Now it’s fair to point out that Absolute Radio has popped up on the London 1 multiplex at 112kbps stereo (and indeed Absolute Radio 90s can also be found there at an increased bitrate of 80kbps mono). That’s certainly good news for Londoners, although they’ll have to navigate carefully between two Absolute Radios (as well as two Magics). But if you’re outside London? Well it’s the internet for you, where quality is excellent, and easily trumps broadcast. That doesn’t work so well in cars though. And that’s the danger.

If everyone is only listening on their mono kitchen radios, what does it matter? They’re not going to notice the difference? Indeed a 112kbps joint stereo signal is arguably worse than an 80kbps mono signal is some respects.

The music is stereo though, and we’re degrading it. Listen via headphones, and it’ll sound worse. Perhaps the most important place is the car. You do get good stereo separation in cars.

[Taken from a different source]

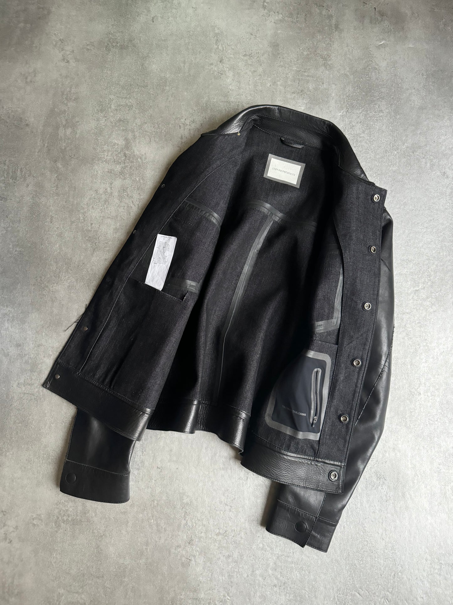 AW2016 Emporio Armani Distressed Black Minimalist Leather Jacket

A good stereo signal fills a car’s interior even on quite basic equipment. With DAB being fitted as standard on the majority of new cars now, the immediate issue for operators should be that their signals are going to sound worse than the BBC’s. The BBC has maintained stereo for all its music services. As a result, 6 Music is now going to sound an awful lot better than Absolute Radio; Radio 2 sounds much better than Magic; and so on.

Programme Directors of old used to play a processing game (they still do to an extent). The idea was that you made your station sound “louder” than the competition by employing audio processors that made the music you played sound “bigger”. Various techniques were used, but of course it really meant reducing dynamic range – the differences between different parts of the music. Again this is an area that people will argue for hours so I’ll leave you to Google it if you want to know more. But the idea was that a listener on their FM dial would stop at the station that sounded louder and bigger than all the rest. To an extent, the competitive edge these techniques might have given a station has been diminished by the lack of dynamic range in pretty much all pop music today (Essentially, studios mastering the songs are playing the same game).

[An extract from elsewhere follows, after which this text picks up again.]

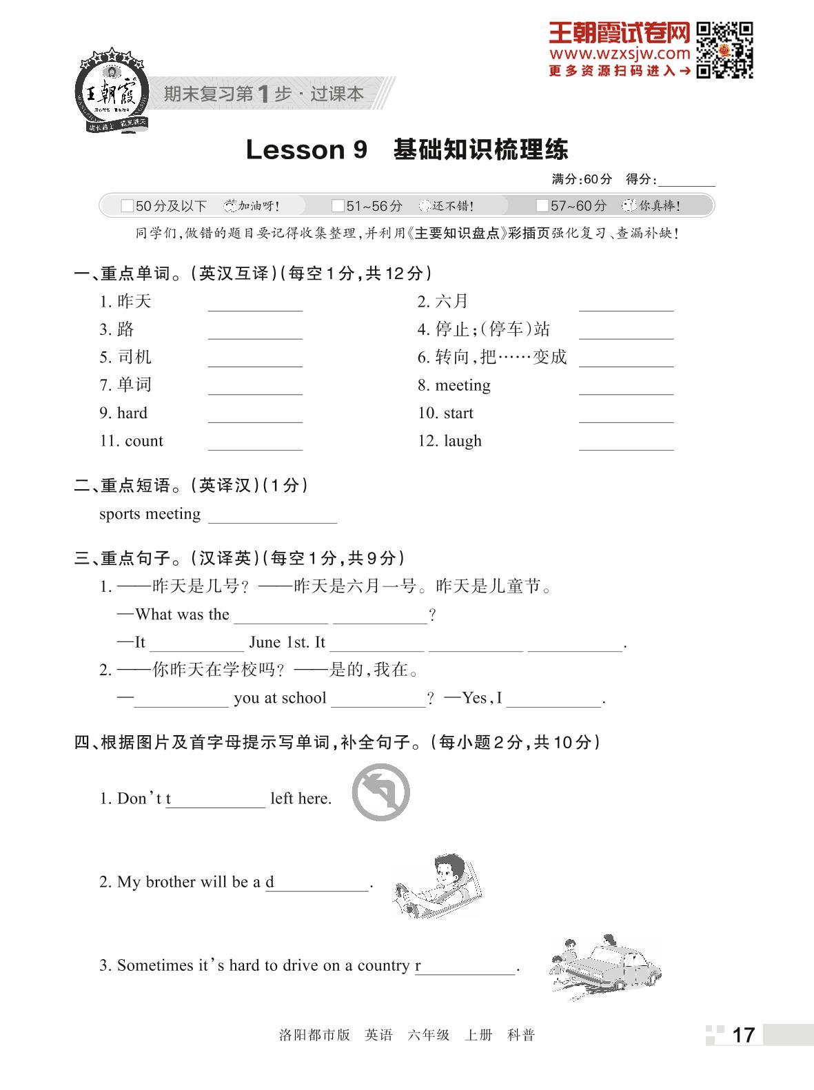 王朝霞期末过课本——Lesson 9 基础知识梳理练六年级上册英语(科普版)

But while in the past those PDs might have “won” the loudness war, they’re losing the stereo one. And there’s no post-processing available to give it a leg up.

Stereo stations sound better than mono ones – especially in the car. If you’re mono on DAB, then you sound worse than your stereo competitors.

To be clear, this isn’t a technology issue. DAB is perfectly capable of broadcasting an excellent stereo signal. And all digital technologies are capacity constrained in some way. That’s because there’s usually a price/quality issue to address. Flick around channels on Sky and see the different levels of quality for SD or HD channels. It’s highly variable, even between channels owned by the same broadcasters. Not all SD is the same, and neither is HD. There are suspicions that some SD channels have been degraded to “encourage” viewers with ever bigger sets to upgrade to HD. It’s usually an economic/capacity argument.

DAB+ is more efficient, and could improve things. But there’s a complicated equation based around distribution costs, sound quality and audience reaction. A service using DAB+ uses less capacity than the equivalent quality DAB service. So as a broadcaster do you bank the savings from your reduced distribution costs using DAB+, or pay the same and improve the quality? Let’s just say we’ve not seen many people do the latter.

The closing date for applications for the second national digital radio multiplex is soon, and we can hope that the winning bid means a bit more space for stations to breathe. Maybe a broadcaster might be willing to move a current service across from D1 to D2 and give it more bandwidth? The flipside is that D2 – certainly at launch – won’t have anything like the coverage of D1. And depending on the plans of the winning bidder, it may never get that coverage.

While the picture is a little gloomy nationally, it should be noted that these space constraints don’t tend to be as much of an issue locally. If you look around the country, your local commercial services are usually in stereo. But then stereo radio has been around since the 70s in this country, and we should be looking beyond stereo, and not backwards to mono.